Take the data below and extract the lines from the one with "Faculty Convenors along with volunteers" to the one with "The donated books", inclusive, exactly as written.

RECORDED DATA:
:::

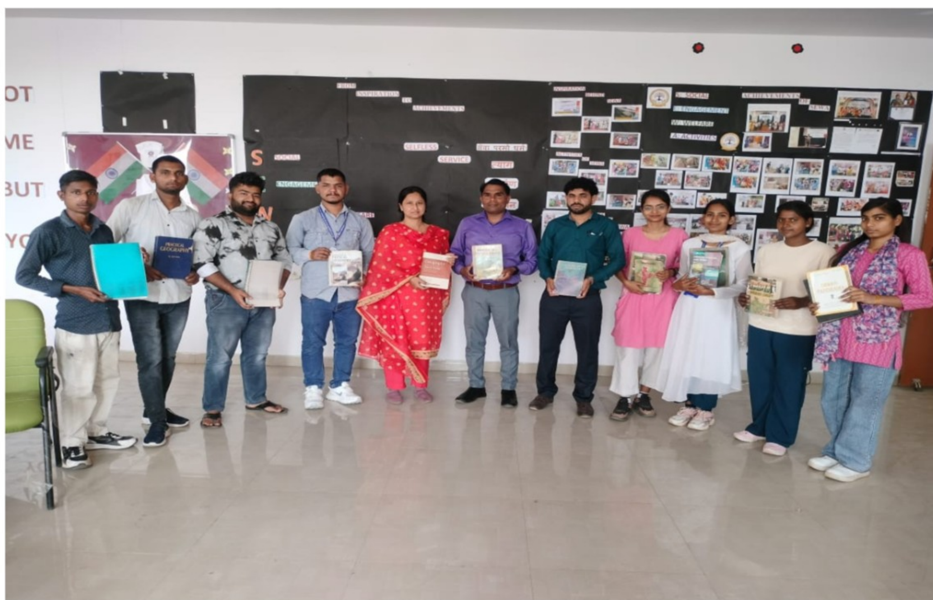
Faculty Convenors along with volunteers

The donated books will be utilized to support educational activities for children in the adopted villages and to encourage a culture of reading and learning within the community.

:::

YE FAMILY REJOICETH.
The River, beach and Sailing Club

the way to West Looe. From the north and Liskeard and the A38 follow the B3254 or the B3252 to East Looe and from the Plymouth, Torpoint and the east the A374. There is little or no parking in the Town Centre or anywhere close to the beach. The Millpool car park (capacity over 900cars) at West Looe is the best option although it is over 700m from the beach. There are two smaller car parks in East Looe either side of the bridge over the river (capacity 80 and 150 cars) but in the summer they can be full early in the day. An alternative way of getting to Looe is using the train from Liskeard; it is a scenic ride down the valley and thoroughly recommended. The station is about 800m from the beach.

:::

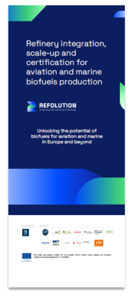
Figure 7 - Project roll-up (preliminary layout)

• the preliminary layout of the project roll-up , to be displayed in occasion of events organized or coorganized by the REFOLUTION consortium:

:::

EXERCISE RESPONSE:
Faculty Convenors along with volunteers

The donated books will be utilized to support educational activities for children in the adopted villages and to encourage a culture of reading and learning within the community.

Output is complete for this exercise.